OPÉRATIONS SUR LES MONNOIES DU TEMPS
DES EMPEREURS.


Dans les opérations que l'on fit sur les monnoies du temps de la république, on procéda par voie de retranchement : l’État confioit au peuple ses besoins, et ne prétendoit pas le séduire. Sous les empereurs, on procéda par voie d’alliage. Ces princes, réduits au désespoir par leurs libéralités mêmes, se virent obligés d’altérer les monnoies ; voie indirecte, qui diminuoit le mal, et sembloit ne le pas toucher : on retiroit une partie du don, et on cachoit la main ; et, sans parler de diminution de la paie ou des largesses, elles se trouvoient diminuées.

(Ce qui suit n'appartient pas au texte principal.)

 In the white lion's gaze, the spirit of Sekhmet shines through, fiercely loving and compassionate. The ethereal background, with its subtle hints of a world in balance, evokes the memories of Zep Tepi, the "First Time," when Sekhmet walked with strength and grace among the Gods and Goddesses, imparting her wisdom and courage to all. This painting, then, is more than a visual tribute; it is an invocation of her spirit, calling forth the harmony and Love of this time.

On voit encore dans les cabinets [1], des médailles qu’on appelle fourrées, qui n’ont qu’une lame d’argent qui couvre le cuivre. Il est parlé de cette monnoie dans un fragment du livre LXXVII de Dion [2].

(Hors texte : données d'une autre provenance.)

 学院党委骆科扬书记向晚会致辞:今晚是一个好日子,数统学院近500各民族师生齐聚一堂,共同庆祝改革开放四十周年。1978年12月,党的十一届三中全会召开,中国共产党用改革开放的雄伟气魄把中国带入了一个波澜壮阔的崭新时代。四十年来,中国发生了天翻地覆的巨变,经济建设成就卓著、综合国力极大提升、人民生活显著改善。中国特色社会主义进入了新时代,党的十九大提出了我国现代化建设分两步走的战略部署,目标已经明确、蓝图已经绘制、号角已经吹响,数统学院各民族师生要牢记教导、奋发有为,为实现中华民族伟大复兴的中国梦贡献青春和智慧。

Didius Julien commença l’affoiblissement. On trouve que la monnoie [3] de Caracalla avoit plus de la moitié d’alliage ; celle d’Alexandre Sévère [4] les deux tiers : l’affoi-

  1. Voyez la Science des médailles du P. Joubert, édit. de Paris, 1739, page 50. (M.)
  2. Extrait des vertus et des vices. (M.)
  3. Voyez Savot ; part. II, c. XII ; et le Journal des savants du 28 Juillet, 1681, sur une découverte de 50,000 médailles. (M.)